◆ Exercise requirements
Pictures in the entries below are excluded; copy only the lines from the one containing "Galéria k článku" to the one containing "This detailed antique", both included.

◆ Data for processing
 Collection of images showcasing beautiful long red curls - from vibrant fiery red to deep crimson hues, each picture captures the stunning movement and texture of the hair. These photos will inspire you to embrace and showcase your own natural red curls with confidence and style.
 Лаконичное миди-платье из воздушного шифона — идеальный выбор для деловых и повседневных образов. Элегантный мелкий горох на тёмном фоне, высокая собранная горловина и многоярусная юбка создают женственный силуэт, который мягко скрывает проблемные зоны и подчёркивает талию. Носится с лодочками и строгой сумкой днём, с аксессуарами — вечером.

...

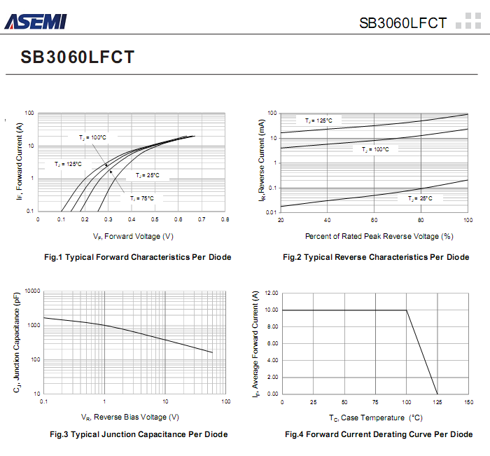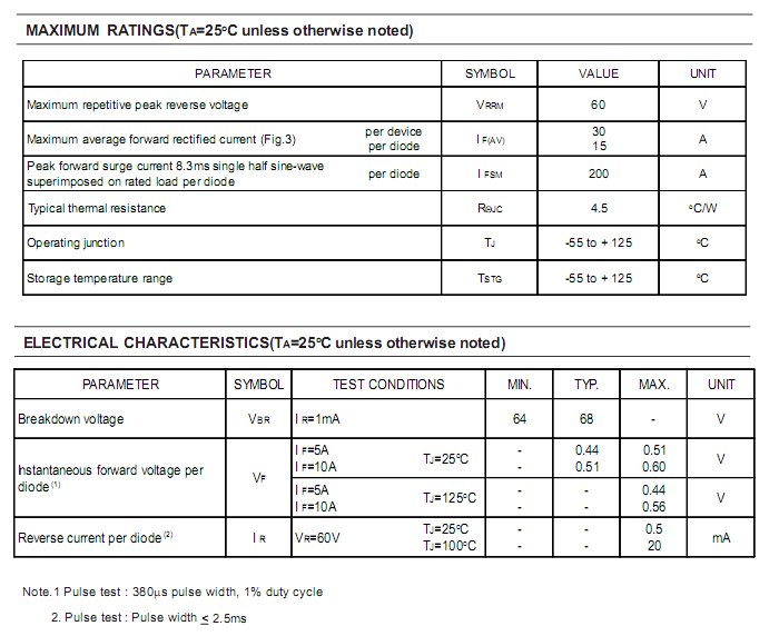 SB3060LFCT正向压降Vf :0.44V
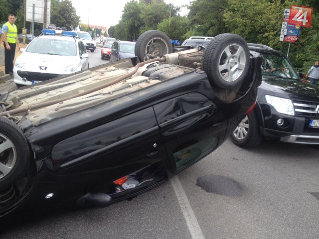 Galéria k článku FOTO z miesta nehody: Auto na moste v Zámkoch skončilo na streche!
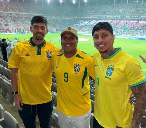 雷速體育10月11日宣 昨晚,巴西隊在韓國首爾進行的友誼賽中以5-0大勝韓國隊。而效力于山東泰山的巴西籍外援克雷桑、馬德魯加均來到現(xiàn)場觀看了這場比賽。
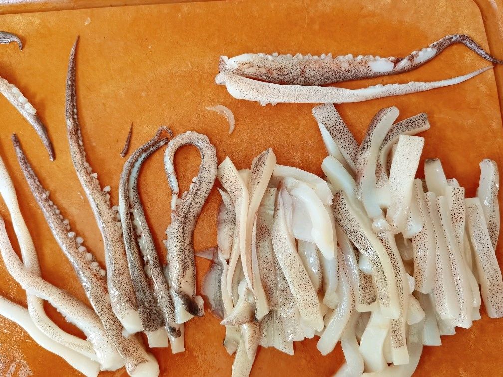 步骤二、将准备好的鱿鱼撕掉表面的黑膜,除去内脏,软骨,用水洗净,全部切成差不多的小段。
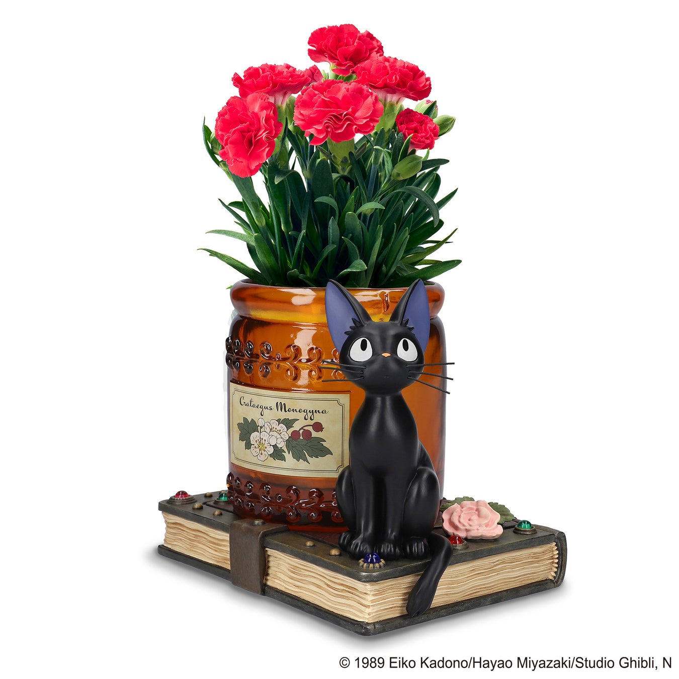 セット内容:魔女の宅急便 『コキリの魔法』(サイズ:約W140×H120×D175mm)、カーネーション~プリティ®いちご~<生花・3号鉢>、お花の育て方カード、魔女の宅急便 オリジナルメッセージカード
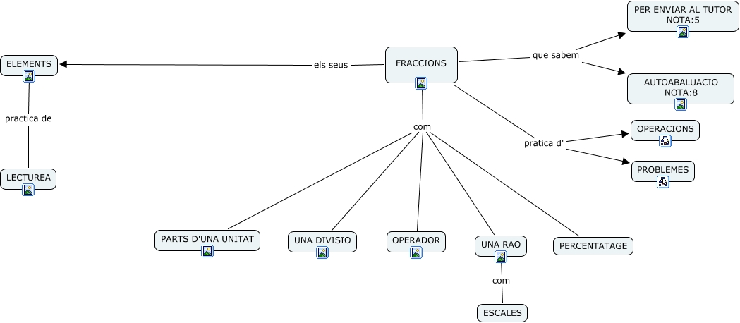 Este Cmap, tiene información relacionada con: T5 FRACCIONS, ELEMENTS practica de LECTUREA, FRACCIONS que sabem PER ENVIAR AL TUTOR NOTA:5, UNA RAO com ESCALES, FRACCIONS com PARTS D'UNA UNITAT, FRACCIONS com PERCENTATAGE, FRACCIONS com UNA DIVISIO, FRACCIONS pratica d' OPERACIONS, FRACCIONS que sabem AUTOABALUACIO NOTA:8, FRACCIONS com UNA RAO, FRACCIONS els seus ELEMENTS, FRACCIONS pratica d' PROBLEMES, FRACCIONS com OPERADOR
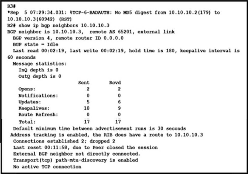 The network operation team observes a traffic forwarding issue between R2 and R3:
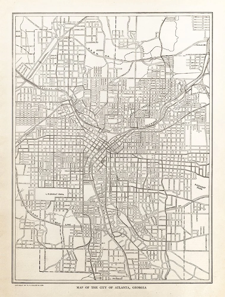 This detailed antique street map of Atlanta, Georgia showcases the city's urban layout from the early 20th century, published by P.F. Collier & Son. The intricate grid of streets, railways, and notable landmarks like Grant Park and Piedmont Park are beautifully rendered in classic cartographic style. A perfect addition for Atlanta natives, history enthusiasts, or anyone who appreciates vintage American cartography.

--

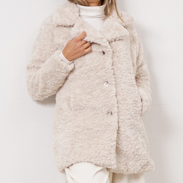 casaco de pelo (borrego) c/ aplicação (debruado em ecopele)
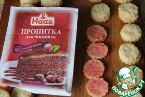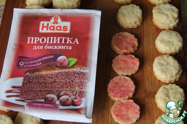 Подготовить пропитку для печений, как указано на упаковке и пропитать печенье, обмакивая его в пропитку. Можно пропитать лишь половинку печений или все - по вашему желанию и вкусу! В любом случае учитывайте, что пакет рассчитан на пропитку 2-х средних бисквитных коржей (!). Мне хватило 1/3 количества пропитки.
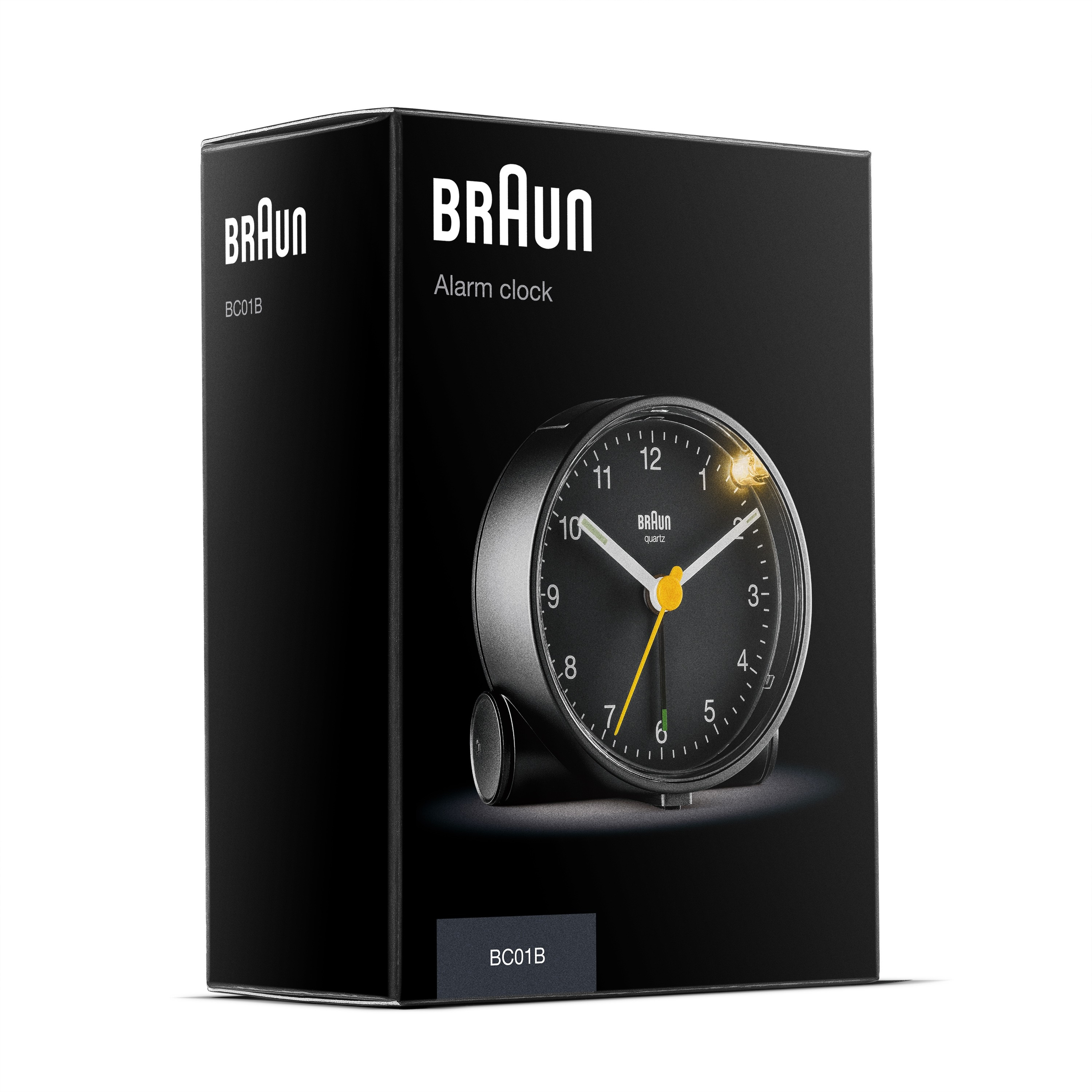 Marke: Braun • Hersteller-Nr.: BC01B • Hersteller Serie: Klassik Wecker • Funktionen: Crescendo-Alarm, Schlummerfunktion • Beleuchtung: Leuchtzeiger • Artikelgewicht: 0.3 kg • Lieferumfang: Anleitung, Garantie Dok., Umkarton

◆ Result of the exercise
 Galéria k článku FOTO z miesta nehody: Auto na moste v Zámkoch skončilo na streche!
 雷速體育10月11日宣 昨晚,巴西隊在韓國首爾進行的友誼賽中以5-0大勝韓國隊。而效力于山東泰山的巴西籍外援克雷桑、馬德魯加均來到現(xiàn)場觀看了這場比賽。
 步骤二、将准备好的鱿鱼撕掉表面的黑膜,除去内脏,软骨,用水洗净,全部切成差不多的小段。
 セット内容:魔女の宅急便 『コキリの魔法』(サイズ:約W140×H120×D175mm)、カーネーション~プリティ®いちご~<生花・3号鉢>、お花の育て方カード、魔女の宅急便 オリジナルメッセージカード
 Este Cmap, tiene información relacionada con: T5 FRACCIONS, ELEMENTS practica de LECTUREA, FRACCIONS que sabem PER ENVIAR AL TUTOR NOTA:5, UNA RAO com ESCALES, FRACCIONS com PARTS D'UNA UNITAT, FRACCIONS com PERCENTATAGE, FRACCIONS com UNA DIVISIO, FRACCIONS pratica d' OPERACIONS, FRACCIONS que sabem AUTOABALUACIO NOTA:8, FRACCIONS com UNA RAO, FRACCIONS els seus ELEMENTS, FRACCIONS pratica d' PROBLEMES, FRACCIONS com OPERADOR
 The network operation team observes a traffic forwarding issue between R2 and R3:
 This detailed antique street map of Atlanta, Georgia showcases the city's urban layout from the early 20th century, published by P.F. Collier & Son. The intricate grid of streets, railways, and notable landmarks like Grant Park and Piedmont Park are beautifully rendered in classic cartographic style. A perfect addition for Atlanta natives, history enthusiasts, or anyone who appreciates vintage American cartography.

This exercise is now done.